Safeway Insurance Group
- Company type: Private
- Industry: Financial services
- Founded: 1959
- Headquarters: Westmont, Illinois, United States
- Area served: Alabama Arizona Arkansas California Colorado Georgia Illinois Louisiana Mississippi New Mexico Tennessee Texas
- Key people: Donna Jonynas (CEO) William J. Parrillo (Founder) Chris Hidalgo (President)
- Products: Auto Insurance.
- Revenue: $420 Million (2015)
- Number of employees: 483 (2015)
- Website: www.safewayInsurance.com

= Safeway Insurance Group =

Safeway Insurance Group is a privately held insurance company, providing primarily automobile insurance.

== History ==
Safeway Insurance was founded in 1959 by the Parrillo family. The family is an historic private investor in the Chicago Sun-Times.

== Description ==
Safeway Insurance is currently headquartered in Westmont, Illinois in the United States.

Safeway Insurance Group is the largest, privately held, family owned insurance company in the United States. In addition to its headquarters, Safeway maintains field offices in some of the states it conducts business in.

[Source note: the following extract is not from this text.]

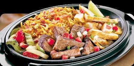 Tierno steak y jugosa pechuga de pollo chispeantes con pimientos y cebollas asadas, papas hash browns con trocitos de tocino y queso cheddar derretido. Servido con pico de gallo recién hecho y crema ácida. Todo servido en un sartén de hierro caliente. $11.00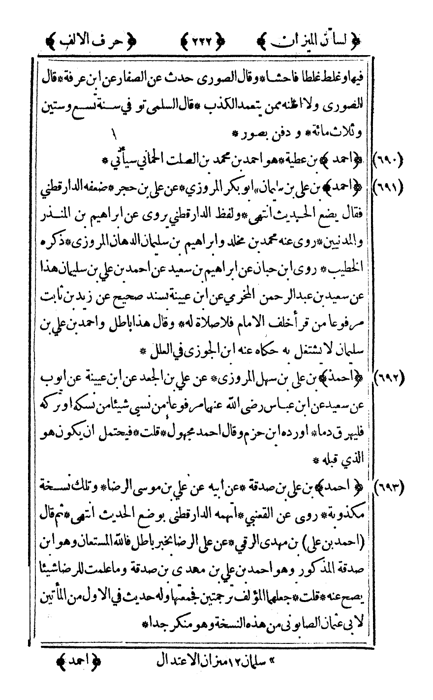 [691] "أحمد" بن علي بن سليمان أبو بكر المروزي عن علي بن حجر ضعفه الدارقطني فقال يضع الحديث انتهى ولفظ الدارقطني يروي عن إبراهيم بن المنذر والمدنيين روى عنه محمد بن مخلد وإبراهيم بن سليمان الدهان المروزي ذكره الخطيب روى ابن حبان عن إبراهيم بن سعيد عن أحمد بن علي بن سليمان هذا عن سعيد بن عبد الرحمن المخرمي عن ابن عيينة بسند صحيح عن زيد بن ثابت مرفوعا من قرأ خلف الإمام فلا صلاة له وقال هذا باطل وأحمد بن علي بن سليمان لا يشتغل به حكاه عنه ابن الجوزي في العلل.

Safeway currently conducts business in Alabama, Arizona, Arkansas, California, Colorado, Georgia, Illinois, Louisiana, Mississippi, New Mexico, Tennessee, Texas and Utah.

Subsidiaries:

- Safeway Insurance Company
- Safeway Direct Insurance Company
- Safeway Insurance Company of Alabama
- Safeway Insurance Company of Arkansas
- Safeway Insurance Company of Georgia
- Safeway Insurance Company of Louisiana
- Safeway Financial Holding Company

== Governance ==
Robert J. Parrillo, William's brother, is a key shareholder.